◆ Available data
* * * * *

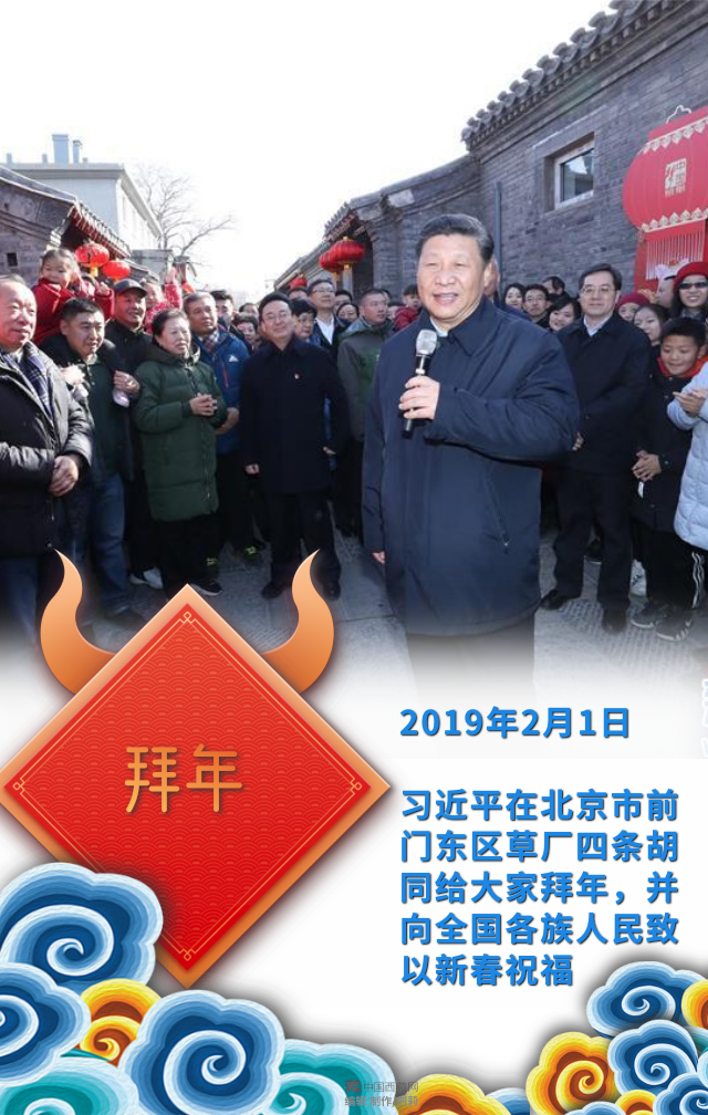 習近平在北京市前門東區(qū)草廠四條胡同給大家拜年,并向全國各族人民致以新春祝福
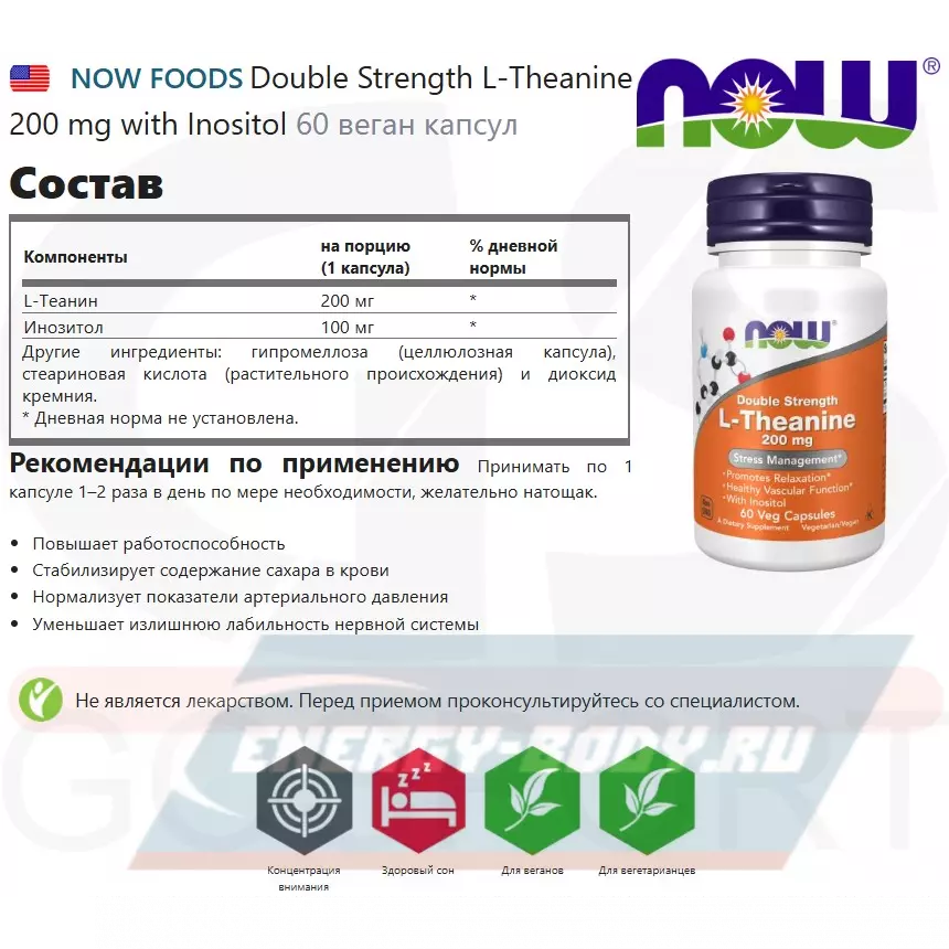 - Полное описание Double Strength L-Theanine 200 mg with Inositol
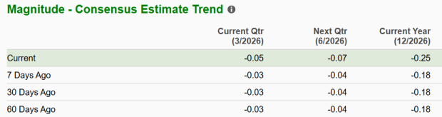 Over the past 30 days, its loss per share estimate for 2025 has increased to 25 cents from 18 cents.
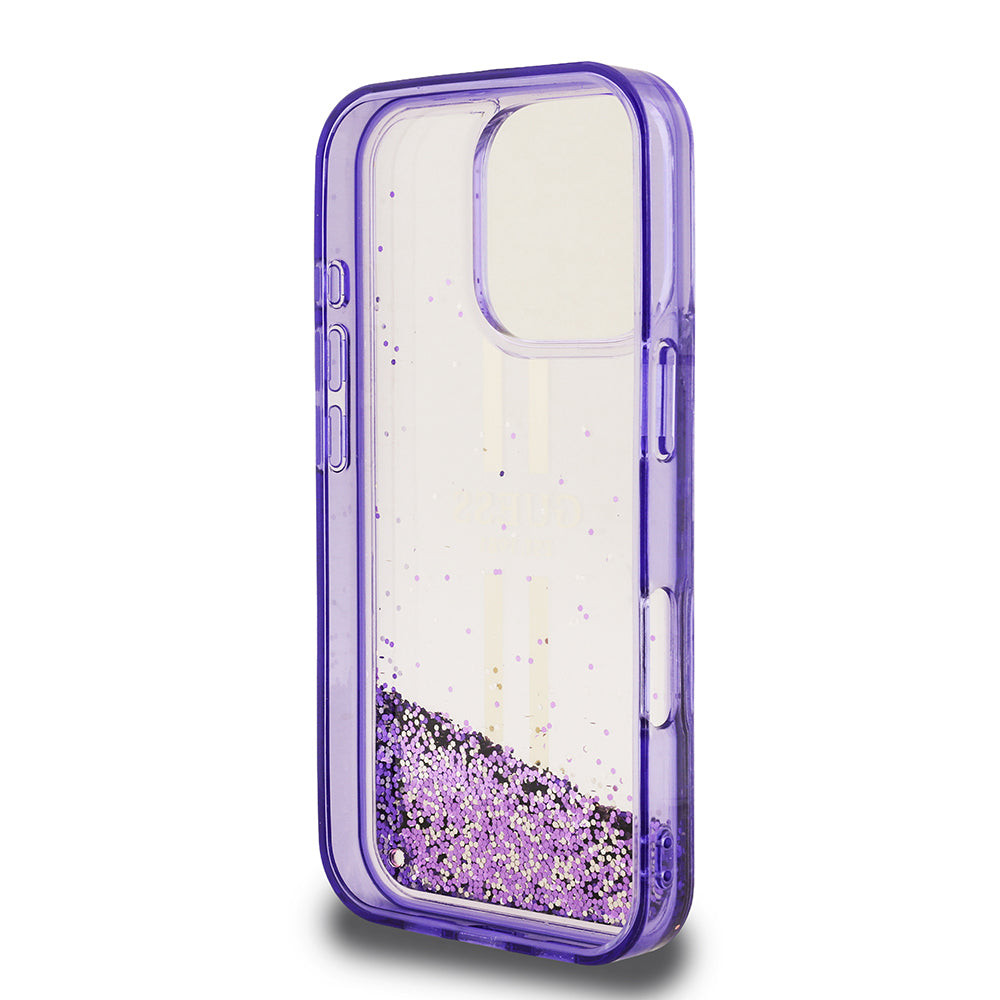 iPhone 16 Pro Max Kılıf Guess Orjinal Lisanslı Transparan Sıvılı Simli Altın Çizgili Kapak

* * * * *

◆ Aim of the exercise
The required output is every line of the data above, set down exactly and stripped of pictures.

◆ Response area
 習近平在北京市前門東區(qū)草廠四條胡同給大家拜年,并向全國各族人民致以新春祝福
 - Полное описание Double Strength L-Theanine 200 mg with Inositol
 Over the past 30 days, its loss per share estimate for 2025 has increased to 25 cents from 18 cents.
 iPhone 16 Pro Max Kılıf Guess Orjinal Lisanslı Transparan Sıvılı Simli Altın Çizgili Kapak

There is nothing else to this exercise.